How many dreams have died on the edge of a comfortable bed? It’s a good question.
As I think about it this morning, sipping some nice licorice tea, it seems to me many of us are being ridiculous. Yes, that election was a disaster in many respects, but did it tell us we were wrong? Of course not. It told us we have failed to create a simple message that even the complicit media couldn’t spin in negative ways.
What you say is OFTEN vastly less important than your image, and HOW you say it. I will give you a homely example.
I debated in high school, of the Lincoln-Douglas variety. We were not poor, but somehow managed to live like we were, and in my first debate I literally wore my first dress shirt and tie. I was a high school freshman. My father was an engineer, and dressed like one. I wore one of his shirts and a clip on tie.
I made it to the Octofinal round in a relatively large tournament, and thought I had beat my opponent handily, but the judges unanimously ruled in her favor. The policy was for them to share their scoring criteria, on written sheets. There were three, I read the first two, and didn’t understand why I had lost. The third, however, had a short comment “you would have more success if your belly button wasn’t showing.” I looked down and realized that my stiff shirt, made of some synthetic fiber, had a habit of folding in an unfortunate way.
[There was no one there on my side to tell me. This was one of countless times I’ve faced a challenge alone. It has made me who I am, and I wouldn’t want to be anyone else. I like an occasional compliment, but I don’t need ANY, ZERO external validation to trust myself and my ideas. And actually, thinking about it, it makes me laugh to realize that’s about what I have for most of my ideas. Ah, so be it.]
Todd Akin and Richard Mourdock were exposed belly buttons. They didn’t just hurt their own races, but the national races as well. They made it easy to portray the GOP as a the party of religious loonies.
On that topic, I would add that America will NEVER, EVER, EVER become a nation of committed Christians again. EVER. Not going to happen. Period. The tide may go out slowly–my guess–but the scientism of our age is ascendant, and simply incompatible with the theology of Christianity. That is why I feel it structurally necessary to create a church. We cannot move backwards. We have to move forwards.

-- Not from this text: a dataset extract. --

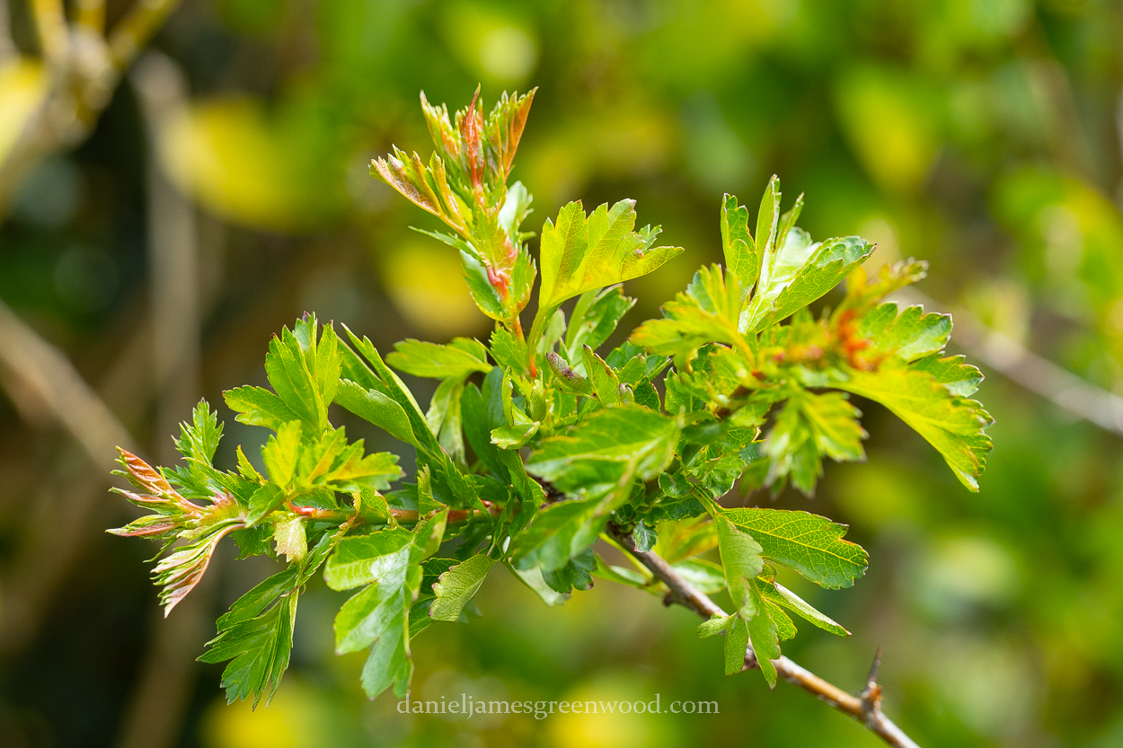 The hawthorn was in full leaf. I have since coppiced this hawthorn sapling to allow it to form more of a hedge, compared to the spindly tree it was forming.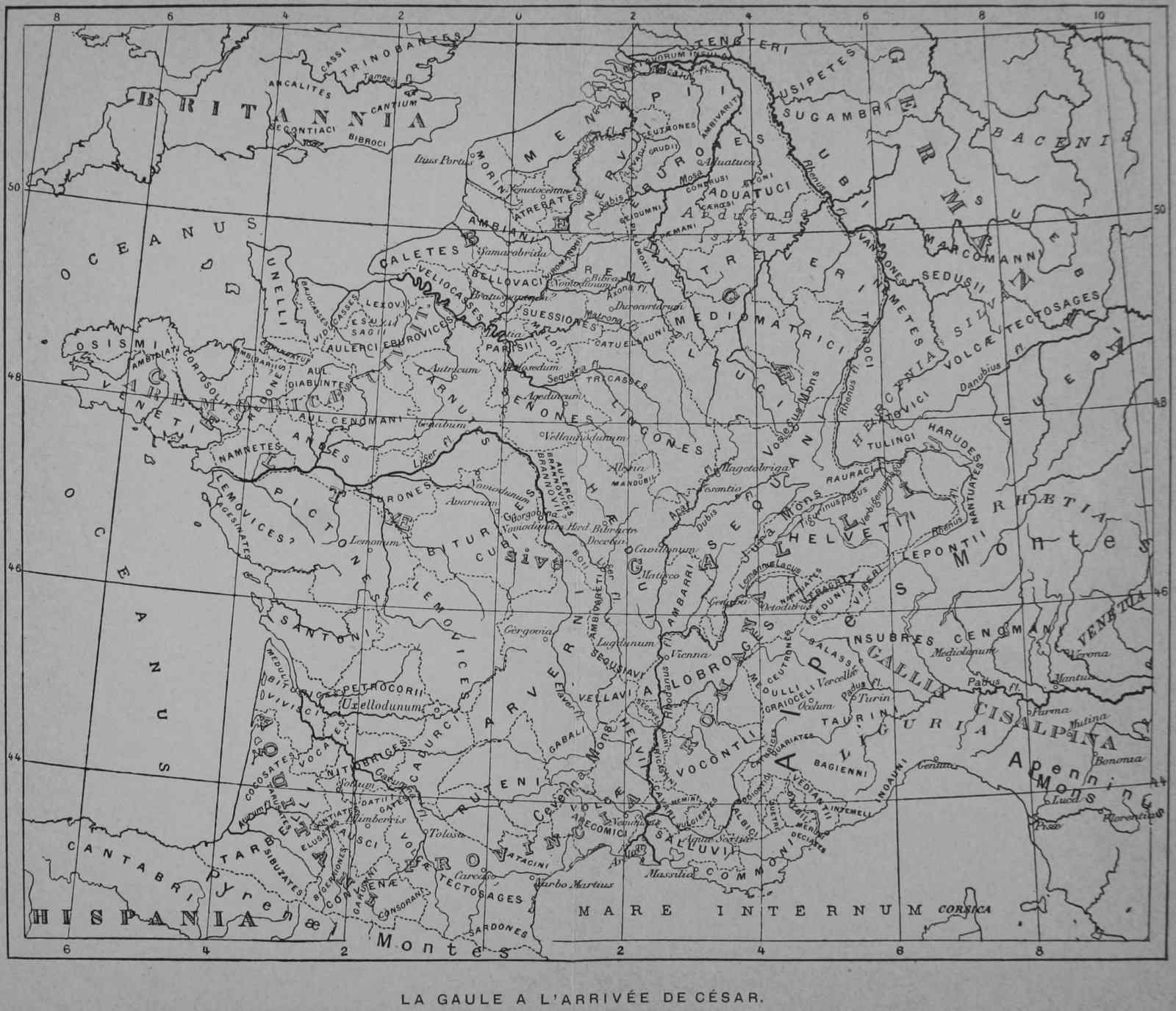 [176] La carte que nous reproduisons a été empruntée à l’excellente édition classique de César, par Benoist, Dosson et Lejay (4e tirage, 1899, Paris, Hachette): elle ne donne pas, sur certains points, la place, les noms ou les limites que nous assignons nous-mêmes aux peuples gaulois ou à leurs villes; mais ces points n’intéressent pas les principaux événements racontés dans ce livre.

Christ was not a human sacrifice demanded by God for his own edification. As I have pointed out from time to time, if the goal was for Christ to be a sacrifice, why wasn’t he ritually slaughtered on the altar in the Temple where all the other sacrifices were killed? My view is that Paul and other early theologians simply got the message wrong. I won’t go into that further, but I seem to recall discussing this in my Grand Inquisitor piece.
The net with regard to social conservatism is that it is a creed which is waning, and which will find it ever harder to win elections. What I would submit is that this is a time for private piety, and public intelligence. We need to concern ourselves more with BORN Americans, the 310 million or so of us (less political and financial elites: the 1% Obama protects so assiduously) who are going to face very tough times when our national economy collapses in a predictable way.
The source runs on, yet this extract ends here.